Военную службу Андрей Петрович проходил в топографических войсках. Поэтому в экспедиции он не только готовил обеды, но и делал замеры, и рисовал срезы холмов.
— Нет, — ответил за папу Севка. — Рисовать отец не умеет. Пистолеты он, правда, здорово рисует, зато больше ничего не умеет. — Севка тоже вздохнул.
И тут (с ним это вообще случалось довольно часто) его как осенит:
— Придумал! — заорал он. — Есть художник! В нашем классе учится. Он овец рисует, и Катьку, и Карлсона, и облака.
— Севка, — сказал Андрей Петрович, — не шуми, пожалуйста. Карим не сможет делать точные прорисовки стен.
— А вот и сможет. Сделал же он для стенгазеты точную прорисовку космического корабля.
— Иди поешь, парень, — сказала Нина Георгиевна. — Тебе в термосе ужин оставлен.
Севка давным-давно заметил, что взрослые сначала не обращают внимания на то, что им говорят дети, а потом спохватываются. Так вышло и на этот раз. Вечером его чуть ли не высмеяли, когда он сказал про Карима, а на другой день Борис Яковлевич как миленький явился в школу и осматривал выставку акварелей. Потом, во время перемены, он отыскал Карима. Катя и Сева подошли сами.
— Скажи, пожалуйста, Карим, ты бы мог скопировать это? — Борис Яковлевич протянул Кариму фотографию. На ней был невзрачный цветок, похожий на маленькую дыньку. И стебелёк, как хвостик у дыньки, а вместо лепестков — кривые треугольники.
— Ну и цветок, — сказала Катька. — Да он вам в сто раз лучше нарисует.
Борис Яковлевич даже испугался:
— Мне лучше не надо. Рисунок должен быть точной копией того, что сделал древний художник.

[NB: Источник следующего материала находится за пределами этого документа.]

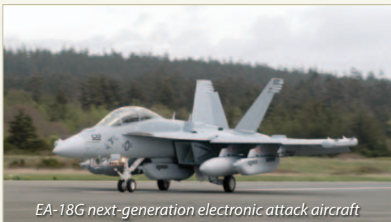
EA-18G next-generation electronic attack aircraft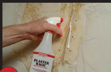
2 SPRAY IT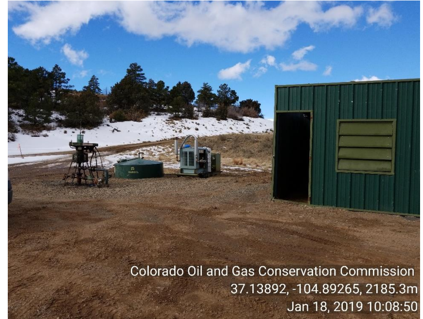
Photo 2 loc pic and unused equipment 15 BBL tank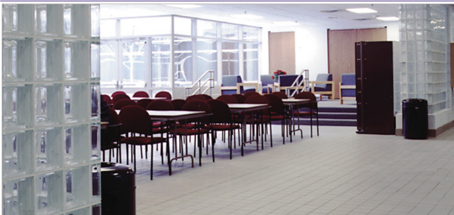
Metropolitan Ceramics shown above in a hallway and cafeteria setting. To the right, a kiln fired shade variation product works well for a locker room application. Areas like these - subject to spills and moisture - are perfect for Metropolitan.

Not all areas of a school are the same and no one floor covering will work everywhere. For hard working areas indoors and out, choose the hard working floor covering – Metropolitan Ceramics.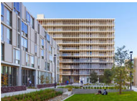
View of courtyard and north tower

— Я понимаю, Борис Яковлевич, — сказал Карим. — Наверное, смогу. Я срисовывал с картинок породы овец, дедушка говорил, что даже шерсть получалась точь-в-точь. А ты, Катя, плохо рассмотрела — цветок красивый.
— Конечно, он очень красивый, — горячо начала Тоня-Соня. — Это бутон лотоса. Он собрал вместе свои лепестки, чтобы потом на рассвете их распустить.
Борис Яковлевич с удивлением поднял глаза. Он не заметил, как их небольшую группу окружили ребята.
— Правильно, бутон, — кивнул он Тоне-Соне.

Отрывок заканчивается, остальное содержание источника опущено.